Banking-Trojaner

Kaspersky: Android-Trojaner Faketoken zielt jetzt auch auf Taxi-Apps

Eine abgewandelte Version des Banking-Trojaners Faketoken nimmt laut Kaspersky Lab jetzt Nutzer beliebter Taxi-Apps ins Visier. Die Android-Malware könne die Zugangsdaten der Taxi-Apps stehlen.

Taxis© B. Wylezich / Fotolia.com

Moskau/Ingolstadt – Mobiles Banking auf dem Smartphone ist bequem, aber auch nicht ohne Risiko. Mobile Banking-Trojaner haben es immer häufiger gezielt auf Online-Banking-Apps abgesehen. Die Sicherheitsspezialisten von Kaspersky Lab haben jetzt allerdings eine Modifikation des bekannten Banking-Trojaners Faketoken entdeckt, der es auf eine andere Zielgruppe abgesehen hat. Ins Visier geraten sind Nutzer von Taxi-Apps für Android.

Faketoken kann Zugangsdaten von Taxi-Apps stehlen

Laut Kaspersky Lab könne der Android-Trojaner Faketoken für den Diebstahl von Zugangsdaten beliebter Taxi-Apps genutzt werden. Die neue Faketoken-Version erlaube ein Live-Tracking von Apps. Der Trojaner geht perfide vor.
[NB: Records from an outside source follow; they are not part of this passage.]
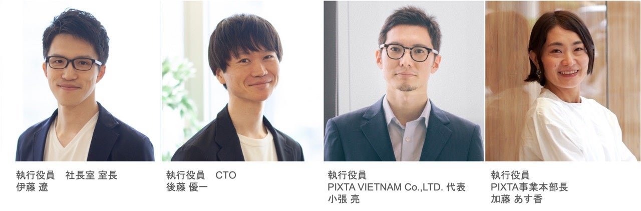 これまでPIXTA事業本部長を務めていた執行役員 伊藤 遼は、2022年1月に新設し兼務していた社長室 室長としての業務に専念し、引き続き、執行役員 社長室 室長として、ピクスタグループの企業価値向上をミッションに、中長期経営戦略の策定、M&Aや事業提携の取り組み、IRやファイナンス等に取り組んでまいります。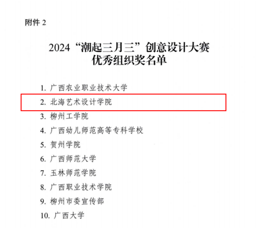 近日,由自治区党委宣传部、自治区教育厅、自治区文化和旅游厅联合举办的2024“潮起三月三”创意设计大赛公布了获奖名单,我校报送的《华彩丝路》《三乐谣音乐节》《北海老街系列牙签盒》3项作品荣获评委会提名奖,学校荣获优秀组织奖。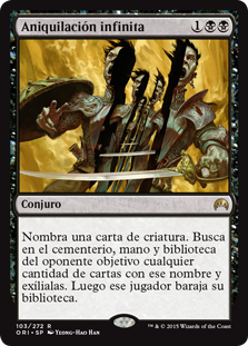 | Rules | Choose a creature card name. Search target opponent's graveyard, hand, and library for any number of cards with that name and exile them. Then that player shuffles. |

Bei Nutzung einer bestimmten App, könnten Cyberkriminelle über ein Display-Overlay eines Phishing-Fensters an Kreditkartendetails gelangen. Der Trojaner nutze dabei die identische Oberfläche inklusive gleichen Farben und Logos. Zudem könne Faketoken eingehende SMS abfangen. Darunter etwa auch Kurznachrichten der Bank mit dem einmalig versendeten Verifizierungspasswort oder des Anbieters der Taxi-App. Ebenfalls sehr bedenklich: Anrufe des Nutzers könnten überwacht und mitgeschnitten werden.

Aktuell greift Faketoken vor allem russische Nutzer an

Nach Angaben von Kaspersky Lab seien mobilen Anwendungen international beliebter Taxi- und Mitfahrgelegenheitsdienste ins Visier der Malware geraten. Kaspersky Lab drängt daher darauf, dass die Entwickler solcher Dienste mehr auf den Schutz ihrer Nutzer achten sollten. "Die neue Version von Faketoken hat überwiegend russische Nutzer zum Ziel. Dennoch kann sich die Geografie der Attacken schnell ausweiten, so wie es auch bei den Vorgängerversionen von Faketoken und anderer Finanzmalware bereits der Fall war", so Viktor Chebyshev, Sicherheitsexperte bei Kaspersky Lab. Zum Schutz vor Malware wie Faketoken sollten Nutzer keine Apps aus unbekannten Quellen herunterladen. Zudem sei der Einsatz einer Schutzsoftware auf dem Smartphone ratsam.